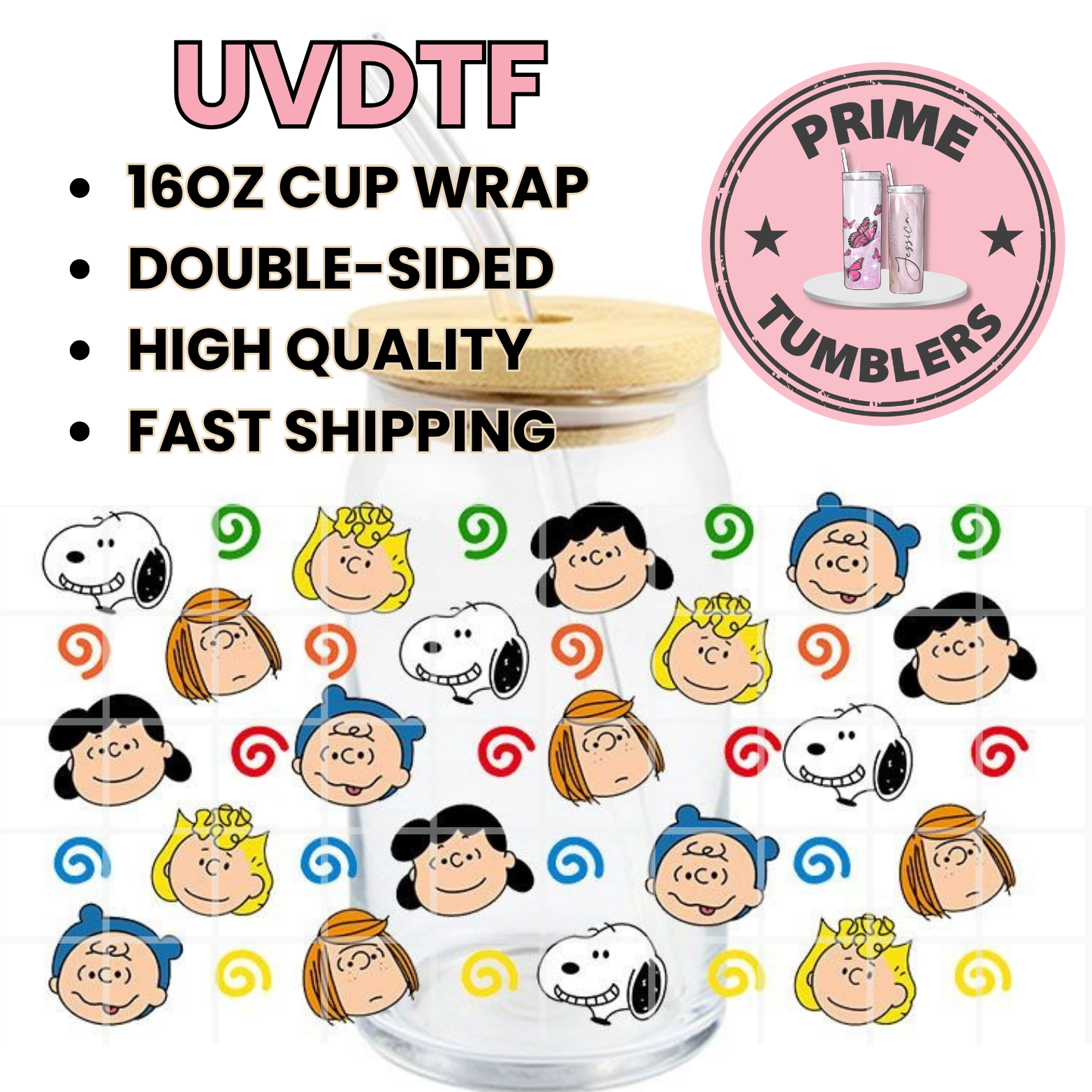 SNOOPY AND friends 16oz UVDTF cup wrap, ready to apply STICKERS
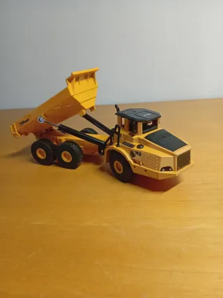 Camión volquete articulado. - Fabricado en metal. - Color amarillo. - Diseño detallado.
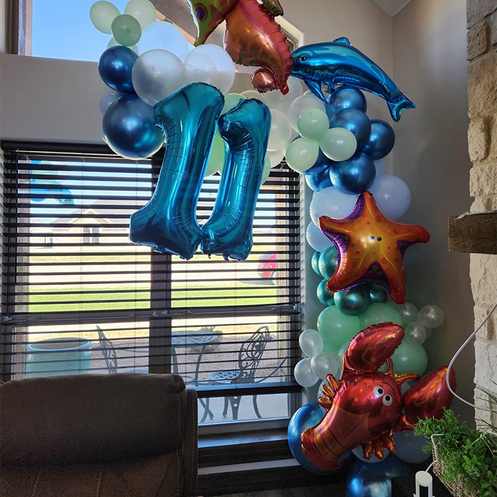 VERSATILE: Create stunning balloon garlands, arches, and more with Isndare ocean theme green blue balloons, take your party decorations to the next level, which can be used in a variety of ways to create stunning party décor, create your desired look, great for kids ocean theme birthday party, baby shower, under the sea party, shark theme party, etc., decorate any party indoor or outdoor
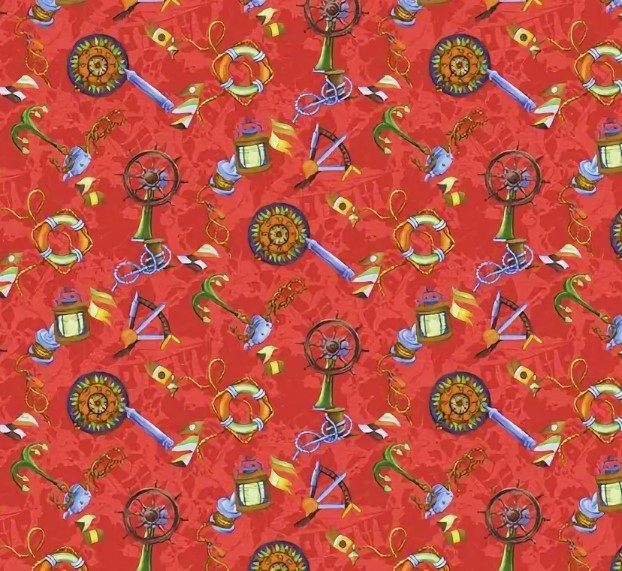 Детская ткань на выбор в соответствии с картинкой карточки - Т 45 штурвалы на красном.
* * * * * * *
→ **TO DO**
The line containing "Camión volquete articulado." marks the end: transcribe every line from the start of the listing up to and including it, minus the pictures.

→ **RESULT OF THIS EXERCISE**
 SNOOPY AND friends 16oz UVDTF cup wrap, ready to apply STICKERS
 Camión volquete articulado. - Fabricado en metal. - Color amarillo. - Diseño detallado.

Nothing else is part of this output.